DAO prepress abstract  -  DOI: https://doi.org/10.3354/dao03181

Investigating sea grass in Toxoplasma gondii transmission in Florida (Trichechus manatus latirostris) and Antillean (T. m. manatus) manatees

Heidi M. Wyrosdick*, Richard Gerhold, Chunlei Su, Antonio A. Mignucci-Giannoni, Robert K. Bonde, Alycia Chapman, Carla I. Rivera-PĂ©rez, Jessica Martinez, Debra L. Miller

*Email: hwyrosdi@utk.edu

ABSTRACT: Toxoplasma gondii is a feline protozoan reported to cause morbidity and mortality in manatees and other marine mammals.

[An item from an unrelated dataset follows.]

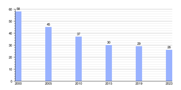| Gráfica de evolución demográfica de Veiga do Pumar entre 2000 y 2023 |

Given their herbivorous nature, ingestion of oocysts from contaminated water or seagrass is presumed to be the primary mode of infection for manatees. The objectives of this study were to investigate oocyst contamination of seagrass beds in Puerto Rico and determine the seroprevalence of T. gondii in Antillean (Trichechus manatus manatus) and Florida (T. m. latirostris) manatees. Sera or plasma from Antillean (n=5) and Florida (n=351) manatees were tested for T. gondii antibodies using the modified agglutination test (MAT). No T. gondii DNA was detected via PCR in seagrass samples (n=33) collected from Puerto Rico. Seroprevalence was 0%, suggesting a lower prevalence of T. gondii in these manatee populations than previously reported. This was the first study to investigate the oocyst contamination of the manatee diet and similar studies are important to understanding the epidemiology of T. gondii to herbivorous marine mammals.